I wish to emphasize the health aspect from the standpoint of the tree of this very wide planting. It is generally recognized by horticultural authority that trees develop sickness and disease when crowded in large numbers. The pecan trees 100 feet apart may perhaps escape this danger and have the sun on all parts of their leaf surface, a fact, by the way, which is necessary to crop production on this and other nut trees.
This wide planting is practically the method followed in most of the important French Persian walnut districts. With very few exceptions their trees are isolated, a man having two or twenty, or thirty, scattered about his farm, usually in the midst of his fields where they can develop to perfection, take the tillage of the crops, and bring in some extra money, which one of the owners very significantly told me is "income without effort." This income without effort aspect of the matter takes the form of a man having to pay as much rent for a good walnut tree in the department of Dordogne, as he does for an acre of good wheat land alongside.
_Rough Land Tree Crops Insurance._
What kind of tree crops insurance might I have had for my chestnuts grafted nineteen years ago? Had I known then as much as I now know about nut trees, excepting the chestnut blight, I should have planted that place thickly with black walnut nuts and northern pecan nuts, unless the squirrels were too quick for me, in which case I should have used little seedlings. These I would have kept in a submerged but hopeful condition by occasionally cutting them down. This would keep them from crowding the chestnut trees, but would by no means have kept me out of a stand of vigorous pecans and black walnuts ready to graft at very short notice. When the blight blew its signal of national alarm in 1908, I could have gone to grafting those trees and they would by this time probably have been in bearing and ready to replace the chestnuts which are now dying with the blight.

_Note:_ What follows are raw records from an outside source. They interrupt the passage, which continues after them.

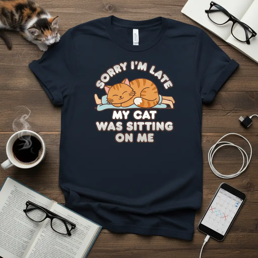 The “Sorry I’m Late My Cat Was Sitting On Me” T-Shirt is more than just a funny saying; it’s a lifestyle statement. It speaks to the deep connection and unconditional love that cat owners share with their pets. This shirt is a subtle yet clear declaration of your priorities – that sometimes, your cat’s comfort and affection take precedence over punctuality.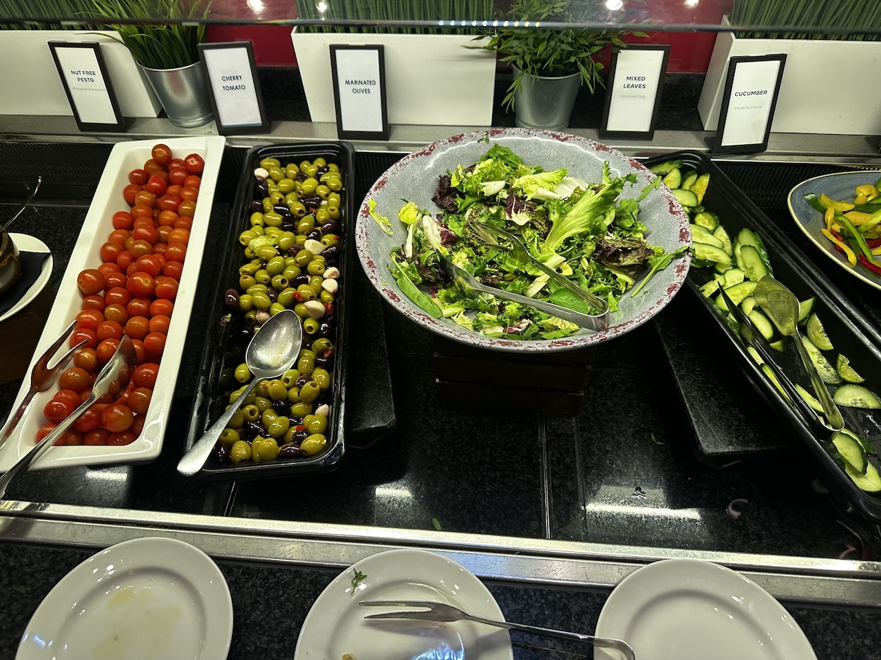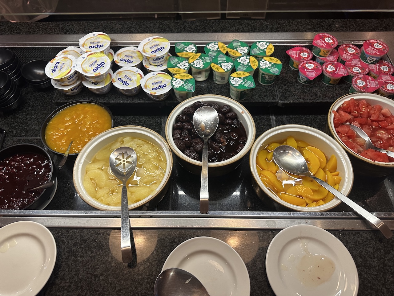 Einige Früchte kommen aus der Dose, die Säfte sind auch nicht frisch und beim Kaffee war auch Luft nach oben. Trotzdem war das Buffet unterm Strich aber okay, wir haben hier auch schon deutlich schlechtere Angebote gesehen. Gegen Ende wurde es auch etwas leerer, daher konnte ich noch in Ruhe die Bilder machen.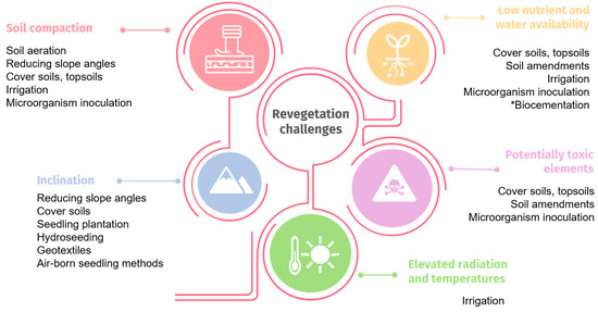 Overview of engineering solutions to overcome the challenges of steep slope revegetation. (*)Biocementation may be used for structuring the soil and stabilize mine residues in specific environments, such as those rich in iron.

If any one wishes to contradict my statement about these trees living with such treatment, I will admit that I am not speaking from experience with regard to the pecan, but I believe the experience of others admirably verifies the statement I have made. I am, however, speaking literally from my own experience when I refer to the black walnut. For ten summers past I have in July and August scythed off a certain tract of stump land planted to apples. Each year black walnuts and butter nuts have been cut, and now at the end of that time the stubs are still annually throwing up vigorous shoots 2-1/2 to 4 feet in length, and if they are allowed to escape for a season, they dart past a man's head so fast he wonders what has happened.
While I hope to experiment for forty more years on my mountain side in the attempt to cover it with waving fruitful trees that are so immune to pests as not to need spraying, I shall never again be caught with only one possibility upon a given piece of land. If I should top-work my native hickories to shagbark, which I know involves considerable waiting and considerable uncertainty, I can, with very little expense, put upon the same ground a full stand of grafted black walnuts and a full stand of budded pecans, or if I do not care to go to that much trouble, I can graft my hickories and plant my native black walnuts and merely keep them there in submerged condition as reserve trees ready to be grafted at any time. For a pecan orchard I can do exactly the same thing, using black walnuts as fillers, possible successors, or as ungrafted reserves. For the Persian walnut, the black walnut can again come in as a filler or as a reserve, and for grafted blacks of any variety, other blacks can be kept waiting for the arrival of possible better varieties which could easily become the head of the corner.
My experience with transplanting seedling pecans shows that they, too, can, without serious difficulty, be planted out in such rough land and kept waiting there for years until the day of possible utilization.